Joule Thief 101

[tinman]

When Q1 turns off and L2 collapses, the current flow thru L2 and the LED also induces a voltage across L2, which is the negative voltage portion of the base waveform.  During that off time, whenever the base drive voltage is below the Vbe forward voltage, the base leg is basically an open circuit because Q1's base is not conducting.  Under DC conditions, there would be a bit of reverse leakage current, but this would only be a few microamps at most.

As we have seen in your first video, as the variable base resistor's value is decreased, the negative going portion of the base waveform increases in amplitude slightly. The base resistor was only changed about 500 ohms or so.  We know that the reverse leakage current of Q1's base is fairly low.  Under DC conditions, we not expect to see any significant change in the reverse biased voltage observed at the base of Q1 by changing the resistance in series with the base by only 500 ohms (think of the reversed bias base as being a several megohm resistor forming a voltage divider with the L2 and base resistor).

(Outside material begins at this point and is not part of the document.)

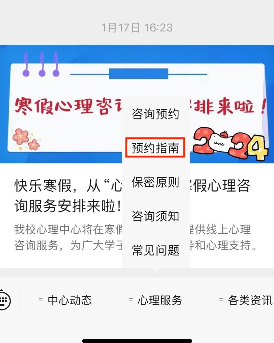 预约成功后,请您提前10分钟到达心理中心,以完成相关信息的登记,避免占用正式咨询时间。
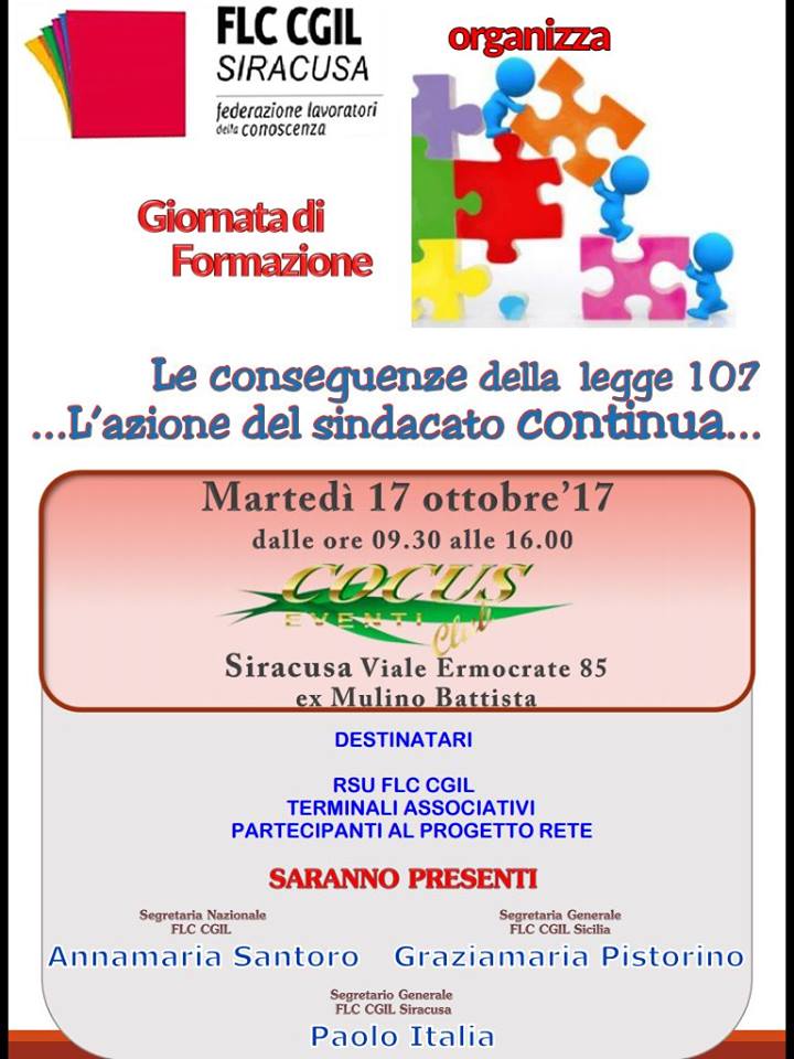 La FLC CGIL di Siracusa organizza un seminario di formazione per RSU, Delegati Sindacali e partecipanti al Progetto Rete sulle attività di contrattazione all'interno delle istituzioni scolastiche a seguito della L.107 e di tutte le più recenti iniziative normative.

The fact that the reverse voltage at the base does vary noticeably when the resistance is changed indicates that there remains a significant load on the waveform observed at the base of Q1 during the Q1 off time while the base is reverse biased.  This can only mean that there is a significant load at the base with respect to AC conditions (far greater than the megohms expected under DC conditions).

Keeping in mind that the negative going portion of the base waveform is a rather fast transition (edge) containing significant high frequency components, the most likely explanation for the amplitude of that portion of the base waveform changing as the base resistor is changed is due to there being a significant capacitance loading the circuit at the base of Q1.

Some of this capacitance may be probe related, which is why it is very important to use your scope probes set to their 10X position (assuming they are 1X/10X switchable).  More so important than increasing the probe's DC resistance to 10meg is the reduction of probe capacitance (AC reactance) while in the 10X mode.



The base current trace became very spikey when you attached the scope ground to the base, as you were forcing the rest of the circuit to change potential with respect to the scope ground during that fast transition.  This greatly greatly increased the stray capacitance and current seen across the 10R CSR at the base during the fast negative going edge of the waveform.

When the CSR (base current) is properly viewed, I would expect to see a very narrow spike (as in your recent CH1-CH2 attempts) as any base capacitance is charged, followed by a period of little to no current flow, a smaller. slower (more rounded) spike at Q1 turn on, and then the actual base current of 2ma or so as Q1 remains on until turn off.



PW

That said, however, it is very likely that there is a significant amount of junction capacitance between the base and CE junctions of Q1 (a 2n3055 has a fairly large die area).  During the fast transition portion of the waveform, the base waveform is going negative while the collector waveform is going positive.  I would expect Miller capacitance alone (collector to base capacitance) to present a significant load to the otherwise open base during this time.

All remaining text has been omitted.